What is the best way to parse this string in C#?

I have a string that I am reading from another system. It's basically a long string that represents a list of key value pairs that are separated by a space in between. It looks like this:

 key:value[space]key:value[space]key:value[space]

So I wrote this code to parse it:

string myString = ReadinString();
string[] tokens = myString.split(' ');
foreach (string token in tokens) {
     string key = token.split(':')[0];
     string value = token.split(':')[1];
     .  . . . 
}

The issue now is that some of the values have spaces in them so my "simplistic" split at the top no longer works. I wanted to see how I could still parse out the list of key value pairs (given space as a separator character) now that I know there also could be spaces in the value field as split doesn't seem like it's going to be able to work anymore.

NOTE: I now confirmed that KEYs will NOT have spaces in them so I only have to worry about the values. Apologies for the confusion.

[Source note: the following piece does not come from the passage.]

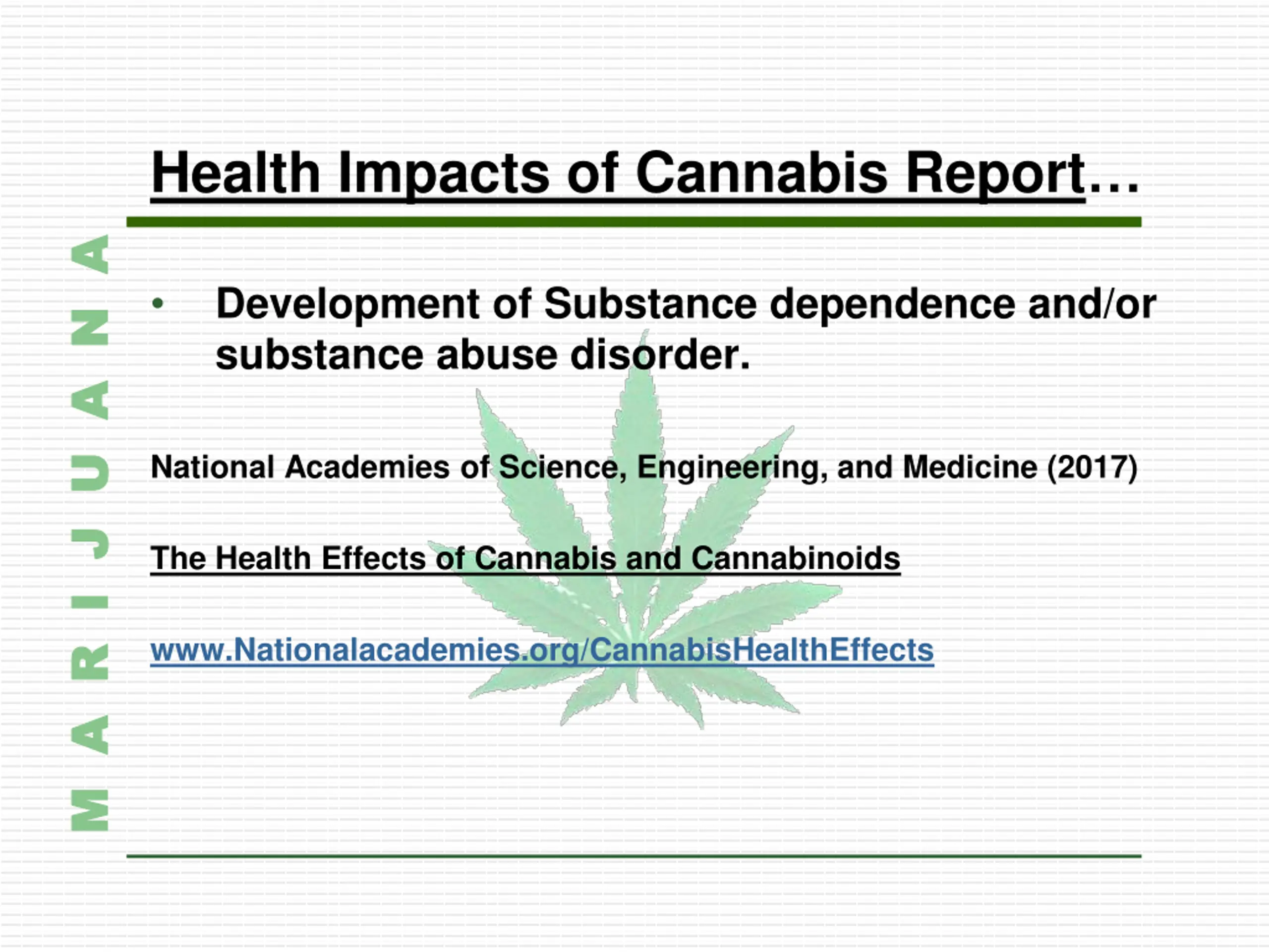 Health Impacts of Cannabis Report M A R I J U A N A M A R I J U A N A Development of Substance dependence and/or substance abuse disorder. National Academies of Science, Engineering, and Medicine (2017) The Health Effects of Cannabis and Cannabinoids www.Nationalacademies.org/CannabisHealthEffects

Use this regular expression:

\w+:[\w\s]+(?![\w+:])

I tested it on

test:testvalue test2:test value test3:testvalue3

It returns three matches:

test:testvalue
test2:test value
test3:testvalue3

You can change \w to any character set that can occur in your input.

Code for testing this:

var regex = new Regex(@"\w+:[\w\s]+(?![\w+:])");
var test = "test:testvalue test2:test value test3:testvalue3";

foreach (Match match in regex.Matches(test))
{
    var key = match.Value.Split(':')[0];
    var value = match.Value.Split(':')[1];

    Console.WriteLine("{0}:{1}", key, value);
}
Console.ReadLine();

As Wonko the Sane pointed out, this regular expression will fail on values with : . If you predict such situation, use \w+:[\w: ]+?(?:[\w+:]) as the regular expression. This will still fail when a colon in value is preceded by space though... I'll think about solution to this.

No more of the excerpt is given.